:: Problem ::
From the first line of the records below, transcribe each line exactly up to and including the one with "Вчера был третий"; pictures stay out.

### Material for this task ###

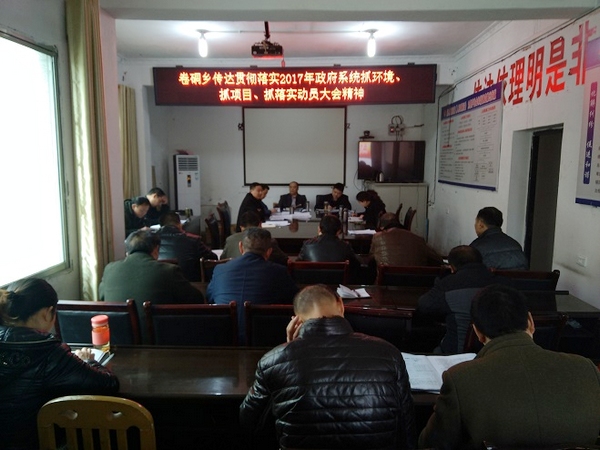 3月2日上午,卷硐乡召开传达2017年政府系统抓环境、抓项目、抓落实动员大会。乡全体机关干部,各村及社区书记、主任,乡属各部门负责人参加了会议。
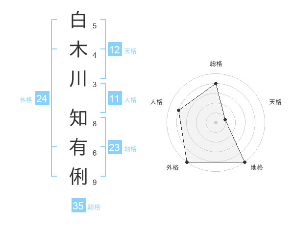 白木川 知有俐さんを姓名の画数から五運を鑑定
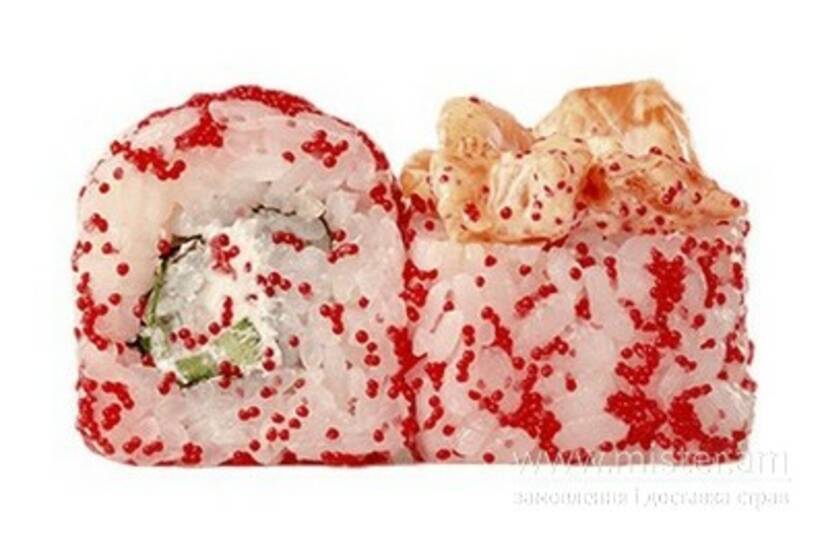 Васабі, ікра масаго, імбир, креветка тигрова, крем-сир, кунжут, лосось, майонез, норі, огірок, рис, соєвий соус.
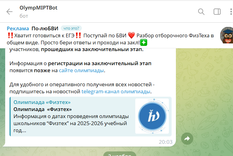Вчера был третий тур математики ФизТеха. В этот раз у меня было побольше времени полюбоваться на современный подход к дистанционным турам. Начнем с того, что физтех олимпиада имеет в Телеге бот, который сообщает о начале тура, конце, апелляции, результатах. Вот, ребенок заскринил: прямо поверх бота идет таргетированная реклама на ТГ канал, где выкладывают разборы во время проведения тура.
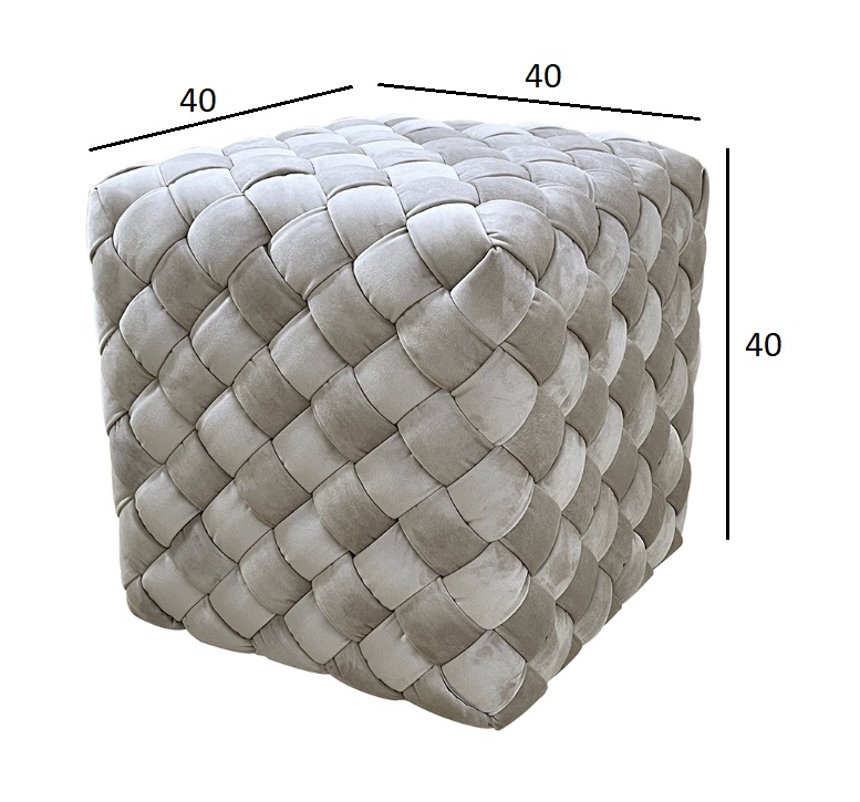 Необычный пуфик с интересной отделкой сиденья из плетеных лент ткани с наполнителем ППУ внутри в ромбическом узоре. Нейтральный серо-бежевый цвет велюра и компактность дают возможность вписать такой предмет мебели в разнообразные варианты интерьера.

###

:: Answer section ::
 3月2日上午,卷硐乡召开传达2017年政府系统抓环境、抓项目、抓落实动员大会。乡全体机关干部,各村及社区书记、主任,乡属各部门负责人参加了会议。
 白木川 知有俐さんを姓名の画数から五運を鑑定
 Васабі, ікра масаго, імбир, креветка тигрова, крем-сир, кунжут, лосось, майонез, норі, огірок, рис, соєвий соус.
Вчера был третий тур математики ФизТеха. В этот раз у меня было побольше времени полюбоваться на современный подход к дистанционным турам. Начнем с того, что физтех олимпиада имеет в Телеге бот, который сообщает о начале тура, конце, апелляции, результатах. Вот, ребенок заскринил: прямо поверх бота идет таргетированная реклама на ТГ канал, где выкладывают разборы во время проведения тура.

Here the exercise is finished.